Fig 3. Log posterior of nonlinear regression model with multiple maxima.

The true parameters are w1 = w2 = 2. The circle denotes the prior mean. Samples from the posterior density as computed using AIS are shown as white dots (in each of the four maxima), and the blue cross close to the true parameters denotes the VL posterior mean.

Approach to limit.

We now report results for the approach-to-limit model. Data were generated with parameters Va = 30, τ = 8 and Gaussian observation noise variance of unity. The prior has mean μ = [3, 1.6]T and precision Λ = diag ([16, 16]). A ‘reduced’ model was defined as only having the Va parameter, thus producing a constant prediction over the time interval.

The AIS algorithm was applied to this data using J = 512 temperatures and I = 32 independent samples. Using the 32 samples produced by AIS, we could not reject the hypothesis that the posterior was Gaussian using Royston’s test (p = 0.96). The estimates of the model evidences and Bayes factors, shown in Table 1, agree very well with those from VL. The normalised importance weights had high entropy, H = 4.27, and many trajectories had significant weight, Iq = 21.

Fig 4 shows the AIS approximation to the log model evidence, using I = 32 samples, as a function of the number of temperatures J. We see good agreement with VL for J larger than 128. These simulation results were based on a second data set from the approach model created by sampling parameters from the prior and producing time series as above (because this is a different data set the log evidence values are different to those in Table 1).

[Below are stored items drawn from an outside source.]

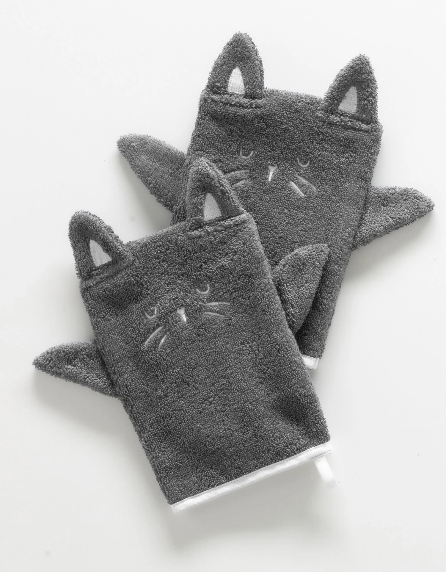 – Lot de 2 gants de toilette « marionettes » 15×21 cm avec oreilles et broderies
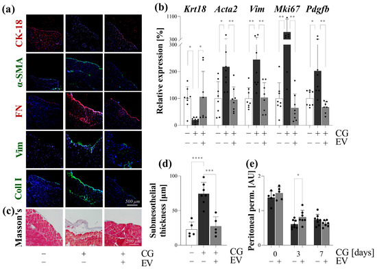 To investigate the in vivo effect of PDE-EVs, the most commonly used CG-induced mouse model of peritoneal fibrosis was adopted [21]. The intraperitoneally administrated DiI-labeled PDE-EVs resulted in a strong fluorescent signal in the parietal and visceral peritoneum of CG-treated mice, suggesting the significant peritoneal uptake of PDE-EVs (Figure 7b). The peritoneum of the control mice was CK-18 immunopositive, but negative for mesenchymal or fibrosis markers, including α-SMA, vimentin, fibronectin, and Col 1-α (Figure 8a). CG treatment increased the peritoneal mRNA expression of Mki67, Pdgfb, Acta2, and Vim, but decreased that of the Krt18 expression compared to the peritoneum of control mice (Figure 8b). In accordance, the peritoneum of CG-treated mice was positive for the mesenchymal and fibrosis markers, including the α-SMA, vimentin, fibronectin, and COL1-α, and it was negative for the CK-18 epithelial marker (Figure 8a). These changes suggest that the peritoneal mesothelial layer of the CG-treated mice that underwent MMT PDE-EV treatment increased the mRNA expression of Krt18 and decreased that of MKi67, Pdgfb, Acta2, and Vim (Figure 8b). Accordingly, the PDE-EV treatment of the mice almost completely inhibited the CG-induced immunohistological changes of the mesothelial layer, including its α-SMA, vimentin, and COL1-α positivity (Figure 8a). These molecular biological changes were in accordance with the histological changes of the peritoneal submesothelial zone (Figure 8c). Indeed, while the mean thickness of the submesothelial zone increased from 22.7 to 74.3 µm in response to CG treatment, it was almost completely normalized in response to the PDE-EV treatment (Figure 8d). Finally, we monitored the ultrafiltration capacity of the peritoneal membrane using tetramethylrhodamine isothiocyanate (TRITC)-labeled 70 kDa dextran and fluorescein-isothiocyanate-labeled 4 kDa dextrane. We found that, while CG treatment decreased the peritoneal ultrafiltration due to the submesothelial thickening [22] (Figure 7a and Figure 8e), the PDE-EV treatment slightly improved the peritoneal transport function on the third day of CG treatment (Figure 8e).
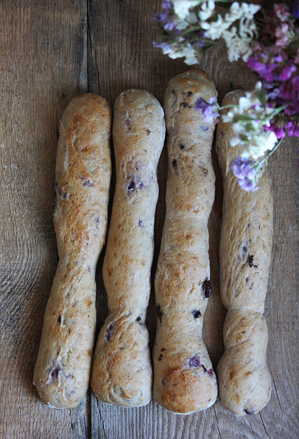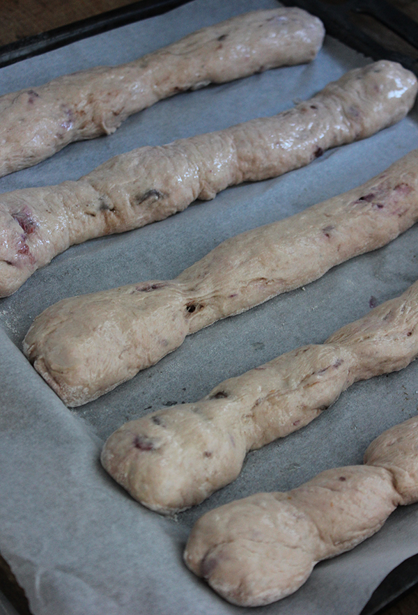 - Wyrośnięte ciasto przekładamy na oprószony mąką blat, dzielimy na 8 części, z każdej z nich formujemy podłużny długi paluch. Układamy je w odstępach na blasze wyłożonej pergaminem, przykrywamy na 30 minut.
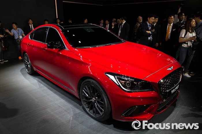 (부산=포커스뉴스) 2일 오전 부산 해운대구에 위치한 벡스코에서 열린 '2016 부산국제모터쇼'에 현대의 프리미엄 브랜드 '제네시스 G80 SPORT' 차량이 소개되고 있다.
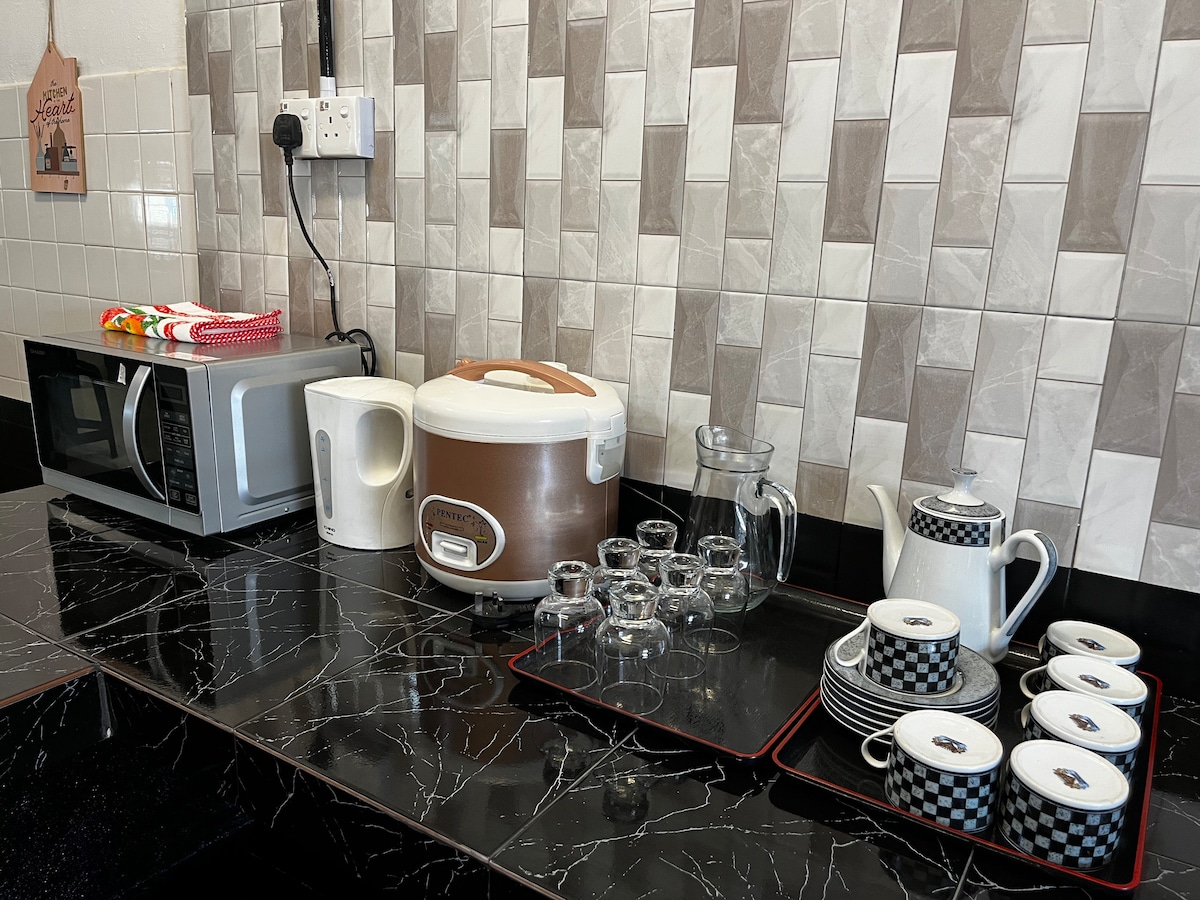 Szállj meg Kota Bharu szívében, és élvezd a tökéletes kényelmet. A KB Mall és az UTC rövid sétára található, így autó nélkül is vásárolhatsz, étkezhetsz és hozzáférhetsz az alapvető dolgokhoz. Rengeteg étkezési lehetőség vár rád. Ez a teljesen felszerelt, légkondicionált lakás franciaággyal, kanapéággyal, 43 hüvelykes okostévével, mosógéppel, hűtőszekrénnyel, vasalóval, erkéllyel és 100 Mbps sebességű, nagy sebességű üvegszálas internettel rendelkezik – tökéletes munkához vagy otthoni pihenéshez.

Fig 4. Approach-to-limit model.

AIS approximation of log evidence (red line) as a function of number of temperatures J. Vertical lines span the 5th and 95th percentiles from bootstrapping. These approximations use I = 32 samples. The VL approximation is shown as the black line.

Neural Mass Models

To produce the following results the differential equations underlying the neural mass models (see S3 Text) were integrated using implicit backward-differentiation formulas (BDFs) and the resulting nonlinear equations solved using Newton’s method as implemented in the CVODES software [40]. With a relative tolerance of 10−2 and an absolute tolerance 10−4 this algorithm took an average of 75ms (averaged over ten runs) to produce the time series for the two-region model. This was lower than the 229ms for Matlab’s ODE15s integrator and the 90ms for SPM’s (implemented in the function spm_int_L.m). Both VL and AIS model estimation approaches therefore used the CVODES implementation. For the LMC algorithm used in AIS, gradients were computed using a forward sensitivity method as implemented in CVODES. For VL, gradients and curvatures were computed using central differences as implemented in the SPM function spm_nlsi_GN.m.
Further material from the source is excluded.